30.03.2021: A European research team led by Vetmeduni has discovered a protective mechanism in migratory birds. According to the study, common quails are able to specifically safeguard their pectoral muscles from oxidative stress during migration. The researchers believe this mechanism is an essential factor in the ability of migratory birds to successfully complete their long flights.
High caloric intake, as seen in migratory birds during their travels, can increase the production of reactive oxygen and nitrogen compounds. These free radicals can damage vitally important molecules, including nucleic acids, proteins and lipids, resulting in oxidative stress. However, aerobic organisms have various defensive strategies using both exogenous and endogenously produced antioxidants to counteract such damage. Studies of different vertebrate species show that changes in oxidative status can have fitness consequences, for example influencing the probability of survival and reproductive behaviour.

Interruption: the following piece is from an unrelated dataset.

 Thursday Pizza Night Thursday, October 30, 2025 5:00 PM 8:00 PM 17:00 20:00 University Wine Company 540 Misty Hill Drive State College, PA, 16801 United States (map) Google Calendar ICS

Bird migration accompanied by tissue-specific changes in oxidative status
A team of researchers led by Valeria Marasco from the Konrad Lorenz Institute of Ethology at the University of Veterinary Medicine Vienna studied a captive population of common quails (Coturnix coturnix) to examine whether the emergence of the migratory phenotype, which is primarily signalled by increased food intake and fuelling, is accompanied by changes in oxidative status. The researchers induced autumn migration in the birds, followed by a non-migratory wintering phase, and then compared three markers of oxidative status: thiobarbituric acid reactive substances (TBARS); superoxide dismutase (SOD); and glutathione peroxidase (GPx). These exhibited significant changes in birds during the migratory phase, as Valeria Marasco explains: “We found that the emergence of the migratory phenotype was associated with higher TBARS in the liver, lower SOD values in red blood cells, higher GPx in the pectoral muscle, and changes in red blood cells and the liver.”

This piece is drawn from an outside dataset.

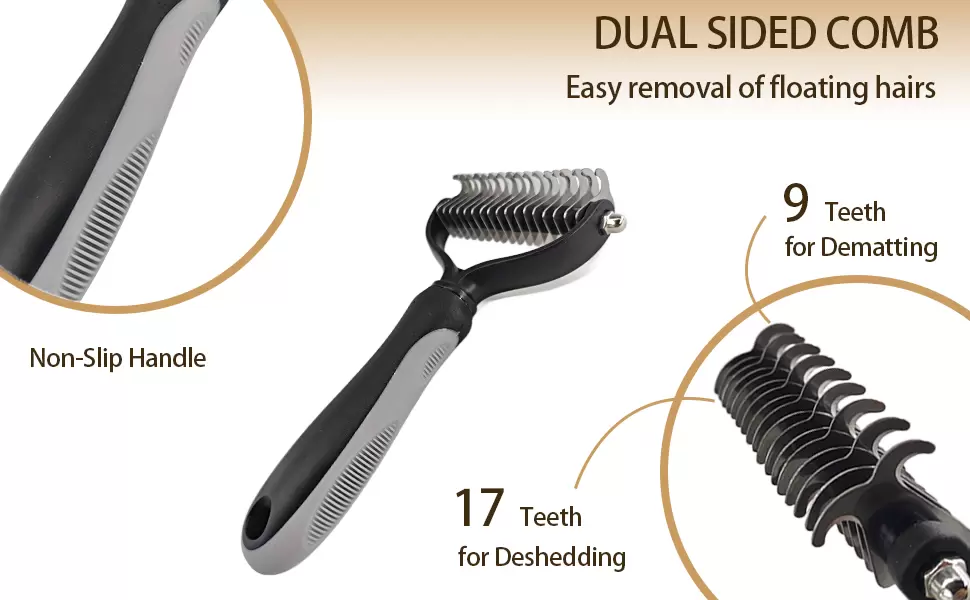 Una variedad de diferentes herramientas de eliminación: 1. El cepillo de aseo autolimpiante para perros y gatos puede fácilmente para que las mascotas se desprendan sin esfuerzo; 2. Rastrillo de doble cara para quitar la capa inferior del perro y el gato, para reducir la pérdida de cabello; 3. Cepillo de baño para limpiar y masajear a fondo cada pulgada del pelo de la mascota; 4. Peine de dientes gruesos y finos para peinar el aseo de las mascotas, para eliminar la capa interna anudada. para eliminar las pulgas

Pectoral muscles protected from oxidative stress
However, the researchers found no link between food intake and variation in markers of oxidative status in any of the tissue examined, despite food intake being higher in the migratory birds. However, the increase in body mass was positively correlated with muscle GPx activity as birds entered the pre-migratory fattening phase, while the amount of decrease in body mass was negatively correlated with muscle GPx as birds transitioned to the non-migratory phase. Such correlations were absent in red blood cells and liver. Marasco: “Our work suggests that during the emergence of the migratory phenotype birds might strategically displace oxidative costs on the liver in order to safeguard the pectoral muscles, which play a fundamental role in the successful completion of the migratory flight.”

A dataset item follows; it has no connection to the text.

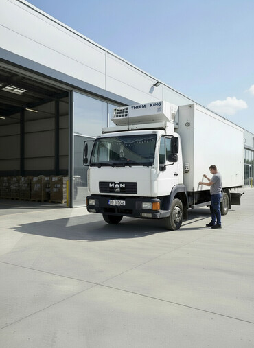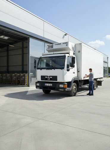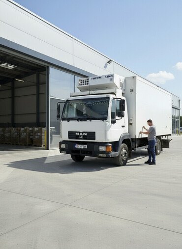 Грузовик-рефрижератор белого цвета, оснащенный холодильной установкой Thermo King. Кабина грузовика имеет стандартную конфигурацию с двумя дверями и боковыми зеркалами. Этот автомобиль подходит для транспортировки товаров, требующих поддержания определенного температурного режима, таких как продукты питания или медикаменты.

Sex-specific differences in one marker of oxidative stress
The researchers conclude that their study, which was recently published in the Journal of Experimental Biology, provides novel and clear evidence that birds undergo tissue-specific changes in oxidative status during their transition to the migratory and the non-migratory state. According to the researchers, future studies with different bird species in the wild, ideally under a naturally varied diet, are now needed to validate the assumption that migratory birds strategically protect their flight muscles from detrimental increases in oxidative damage and so improve their fitness during migration. The data on GPx also suggest sex-specific differences in the migratory phase in the red blood cells and liver. Further studies are needed to explore whether these sex-specific differences are functionally linked with markers of oxidative stress.
The article “Controlled expression of the migratory phenotype affects oxidative status in birds” by Valeria Marasco, Manrico Sebastiano, David Costantini, Gianni Pola and Leonida Fusani was published in the Journal of Experimental Biology.